Managing Neighborhood Association Funds

Some Tips...
Volunteers are the lifeblood of any neighborhood association. Countless hours and energy are contributed monthly by dedicated volunteers to keep the associations alive and productive. One of the most challenging aspects of neighborhood work may be that of managing the association’s funds. Ironically, the more funds the association successfully raises, from whatever sources such as governments grants, donations, or profits from events, the more challenging managing and controlling them may be.

Volunteers are not, of course, expected to be professional money managers, accountants, or bookkeepers, but there are some steps an association should take to safeguard its hard-earned money. And most of these can be put in place relatively easily--saving volunteer time for getting results and raising even more money for more projects.

Following are some tips. Some of them may not seem to fit your organization’s style or. needs, but think of them in the context of a health (and maybe life) insurance policy for your association.

1.) Designate one person who has overall oversight of the funds. That is efficient and it makes accountability pretty clear. But don’t put that person in the position of having sole authority over the money without any controls. (It isn’t fair to him or her nor to the organization.)

2.) If you elect a treasurer, routinely turn that office over.
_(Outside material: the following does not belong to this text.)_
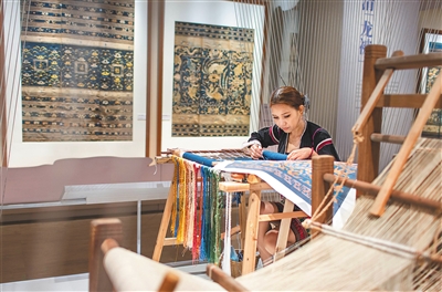 龙被精品展现黎锦风采。西海 摄

Don’t keep electing the same person year after year.

3.) Consider having a finance committee composed of two, three or more people and headed by a chair. (Don’t make it “too” large though.)

4.) If you have several sources of funds, put different people in control of the monies separately and have them keep one overall financial person informed.

5.) Set up a good system of financial recording and reporting. This does not have to be complex. In fact, the simpler it is, the easier it is for everybody to under stand and oversee, and the harder it is to hide any irregular activities.

6.) Keep reporting on funds from separate sources separate from each other. (This may be required by your funding source.) But use a standardized recording and reporting system for all funds.

7.) Use a board member who has an accounting or bookkeeping background to set up and review the reporting system. If you don’t have such a person on your board, recruit one. If you can’t recruit one, set up a system and find an accountant to review it as a contribution to your group.

8.) Have the whole board review reports and make sure questions about them are welcomed and responded to satisfactorily. (This does not mean that all financial matters need to be examined within an inch of their lives.)

9.) Make sure that financial decisions are understood by the board, duly approved, and recorded somewhere—in clear, straightforward language.

10.) Don’t use funds from one source to pay an inappropriate expense with thee idea that it will be paid back when there is other money.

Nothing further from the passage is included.